Monument in the Punjab, India

Hussainiwala National Martyrs Memorial (हुसैनीवाला राष्ट्रीय शहीदी स्मारक, पंजाब, भारत) in memory of the Indian freedom fighters Bhagat Singh, Sukhdev Thapar and Shivaram Rajguru, is at Hussainiwala village, near Firozpur city in Firozpur district of the Punjab, India.

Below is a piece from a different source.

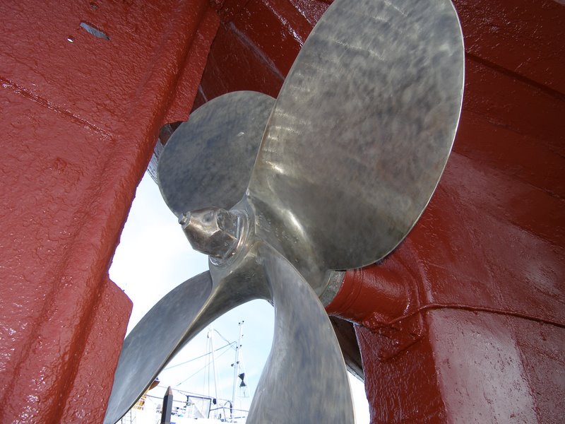 The shiplift is a cradle that is lowered into the water on a platform controlled by four giant winches, their thick black grease laden cables looping around pulleys over a foot across. Slowly we are pulled from the water and towed to our space in the ship yard. I descend the long ladder to the ground and get my first look at the hull without the aid of my diving gear for over a year. Barnacles encrust the keel and engine cooling pipes, their white shells stark against the dark antifoul paint.

A daily flag lowering ceremony, similar to the Wagah-Attari border ceremony is also held here jointly by the Indian and Pakistani armed forces.

== Martyrs Memorial ==
The memorial marks the location on the banks of the Sutlej river where Bhagat Singh, Sukhdev, and Rajguru were cremated on 23 March 1931. After they were hanged in the Lahore Central Jail, the back wall was broken by the jail authorities, and their bodies were secretly brought to this memorial and cremated without any ceremony. The BSF has showcased the pistol with which Bhagat Singh killed British officer Saunders. It is also the cremation place of Batukeshwar Dutt, who died in 1965 and had also been involved in bombing the Central Legislative Assembly with Singh. His last wish was to be cremated at the same place. The mother of Bhagat Singh, Vidyawati, was also cremated there in accordance with her last wish.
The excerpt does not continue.